Insomma, i gesuiti mostravano di avere consapevolezza dell'eccezionalità dei loro voti e, mentre si facevano alfieri di una rigida difesa dell'ortodossia e dell'autorità della Chiesa, sapevano anche, con fine psicologia, valorizzare gli sforzi dell'uomo comune, mantenendo una spregiudicata disponibilità al nuovo, alle esigenze e ai comportamenti che s'andavano diffondendo nel mondo moderno.

A partire dalla fine degli anni Cinquanta, comunque, le iniziative nell'Ordine si concentrarono per lo più nel campo dell'istruzione: la Controriforma, d'altronde, era totalmente pervasa da propositi di carattere pedagogico, che si presentavano come il necessario completamento della repressione del protestantesimo: i Gesuiti risultavano alquanto raffinati e competenti nella gestione di un SISTEMA EDUCATIVO svolto con la TECNICA DELLA LEZIONE FRONTALE (EX CATHEDRA) e stutturato sulla base di precisi PROGRAMMI SCOLASTICI la cui DIDATTICA era omologata dall'UTILIZZAZIONE DI SPECIFICI TESTI SCOLASTICI E PROPEDEUTICI.
Su entrambe le questioni, Ignazio aveva idee molto chiare.
Egli non esitava ad invocare i provvedimenti più drastici per i sospetti di eresia; era, a suo avviso, necessario mostrare assoluta determinazione anche dando "qualche esempio, condannando qualcuno a morte o all'esilio con confisca dei suoi beni".

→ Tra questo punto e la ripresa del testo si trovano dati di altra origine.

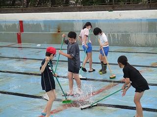 今日の5・6限に6年生がプールを掃除してくれました。プールの中、プールサイドともに水をまきながらゴシゴシゴシ、必死で磨いてくれました。とてもきれいになりました。6月9日のプール開きが楽しみですね。
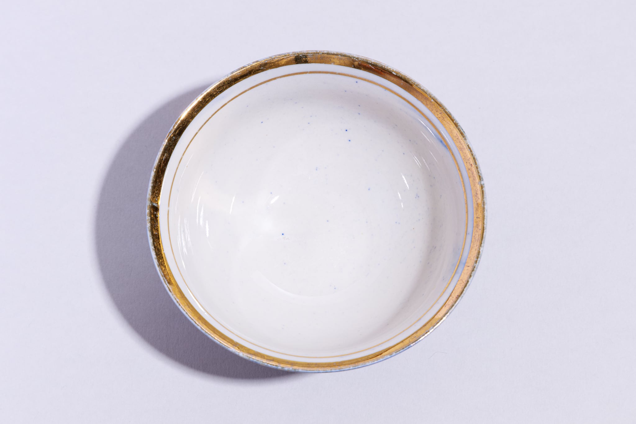 また、ソ連製は日本製などと違い、等級によって作りの丁寧さが違い、低い等級の物は、絵付けのムラがあったり、飲み口や底の多少の凹凸などがあったりします。

Egli era però consapevole che, oltre alla repressione, era necessario impegnarsi nella rieducazione dei fedeli e che, a tal fine, il primo problema era quello di predisporre educatori davvero adeguati al loro ruolo: si trattava cioè di colmare le gravi lacune nella formazione del clero.
La Compagnia fu immediatamente in prima linea nell'adempimento di questo compito. Nel 1551, Ignazio di Loyola fondò il Collegio Romano e l'anno seguente aprì il Collegio Germanico, destinato ai sacerdoti che avrebbero dovuto esercitare il ministero pastorale nella patria del protestantesimo.
Ben presto, però, ai collegi gesuitici furono ammessi anche i laici; l'insegnamento era gratuito e quindi, almeno formalmente, le scuole erano aperte a tutti; di fatto esse erano frequentate soprattutto da aristocratici e da borghesi e non è difficile immaginare i frutti che i gesuiti si ripromettevano di trarre dal controllo della formazione della classe dirigente.
I risultati non si fecero attendere: nell'Europa cattolica della fine del Cinquecento, erano veramente poche le istituzioni d'istruzione superiore maschile non gestite dall'Ordine".